Despite the novelty of it all, Shiffman said there were no disasters, though some things did require trial and error. For example, perfecting the virtual logos and graphics on the courts took some time because lighting was different in each of the three buildings hosting games. ESPN also directed and produced feeds for regional networks during the restart, which required enhance communication with each market’s team staff.

The unique circumstances also expedited the implementation of innovative ideas ESPN and the NBA had discussed long before the pandemic.

“We’ve been partners for over 18 years on the project, but over the last probably three summer leagues, we’ve tested things like rail cam and court-side robotic cameras and stuff like that, and now all of a sudden we had a facility where we could actually accommodate all the things we were looking at, plus some new things,” senior coordinating producer Tim Corrigan said. “So when we were testing a rail cam, we probably had a 15-foot courtside rail cam going. Now, we have a 94-foot rail cam going up and down the sidelines.

“What our productions look like are significantly different, significantly better in my mind. We’ve been doing basketball the same way for a long time because it was the best way to do it, and I think our learnings here will change how we do it moving forward. Hopefully we can take some of these technologies with us.”

The three arenas all housed the innovative cameras and other technology, such as 17-foot video boards surrounding three sides of the court to feature fans, celebrities and Obama cheering live from home. Plenty of plexiglass completed the aesthetic for health and safety reasons, everyone’s No. 1 priority.

No one inside the bubble has tested positive for COVID-19, a herculean feat given how rapidly the novel virus spread across the world.

“There’s been no anxiety about health and safety, which has allowed people to really focus on the content and the production of games,” Shiffman said.

That security came with strict rules, however. In addition to social distancing and requiring masks indoors and out, the league implemented regular testing throughout the season and daily testing during the finals. Inside the arenas, everyone receives a small white electronic device to wear around their necks. They beep anytime two people are closer than six feet and keep a record for contact tracing should anyone get sick.
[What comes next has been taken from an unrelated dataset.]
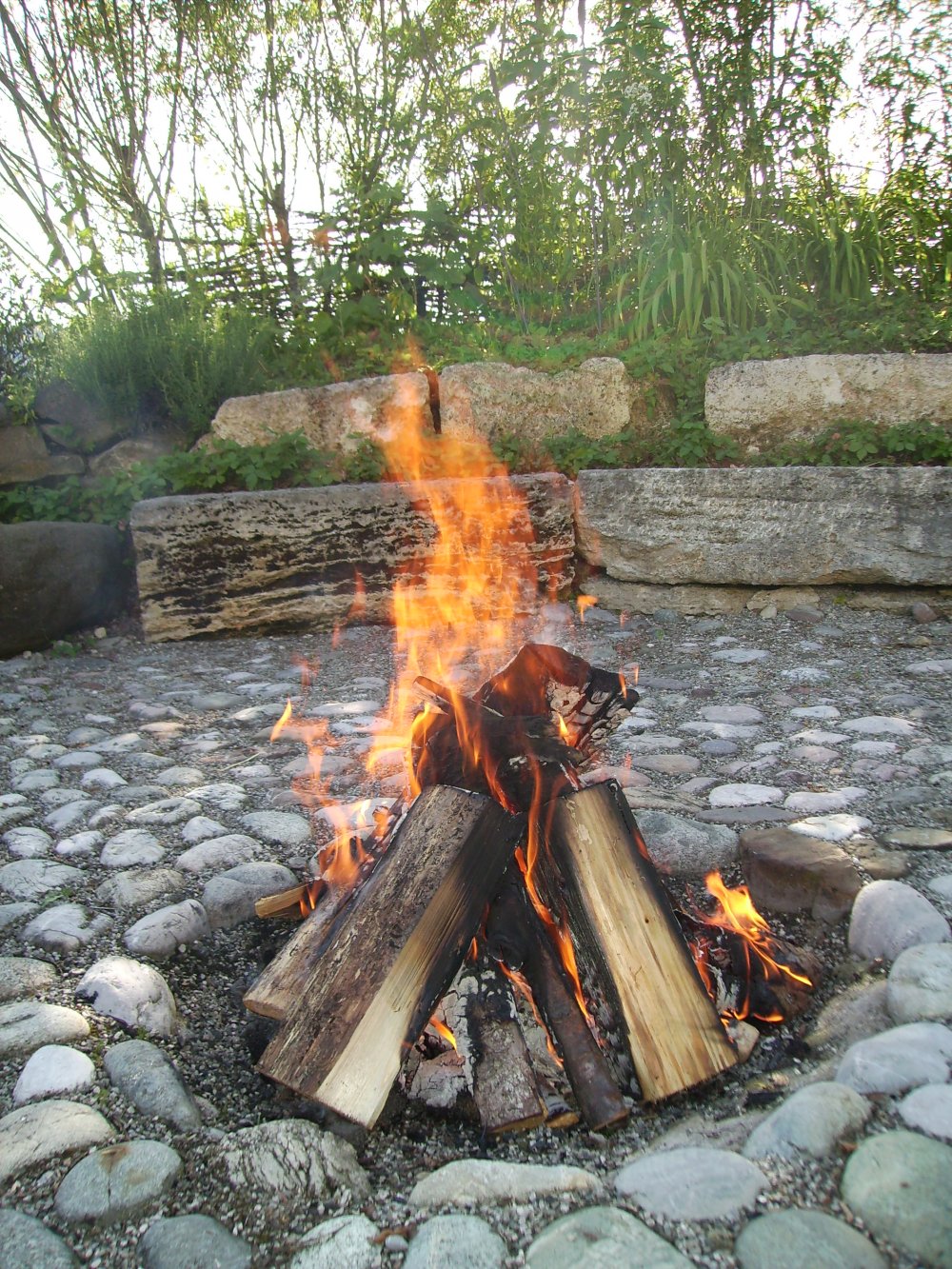 ... ein knisterndes Lagerfeuer im Steinkreis des Kräutergartens

Much of ESPN’s staff also remained quarantined to their hotel, the Waldorf Astoria, and the production compound — for 100 days. To survive that long away from their lives and families, everyone got a little creative. Some played golf on off days. Others swam laps or cooked for coworkers.

And then there was The Bubble Band.

“Tom Clark is the band leader and really very strict,” said Weiss, a backup vocalist. “He came up with a set list of about 10 songs. … I did do Hotel California live and in person.

“We’re The Bubble band. We wear masks. We’re all arms-length distance apart and have our own microphones.”

The first show took place in front of about 100 colleagues. They gathered outside by the hotel pool and listened to the group of four vocalists, multiple guitarists, a bassist and a drummer.

“I’m a huge proponent of the Bubble Band,” Corrigan said. “You don’t really know people ’til you’re in a situation like this, and we didn’t know we had all these gifted musicians. It’s not like it was a bunch of hacks getting together. They were really good!

“That night when we were down there, … it was the ultimate escape from what was happening.”

What happened on-air was a historic NBA season. Behind the scenes were real people pushing through real life obstacles and emotions to do a job.

“Life happens outside the bubble. It does,” Weiss said. “But we were all in this together and we all had a goal: Get this on the air safely and bring the NBA back. And we did it.”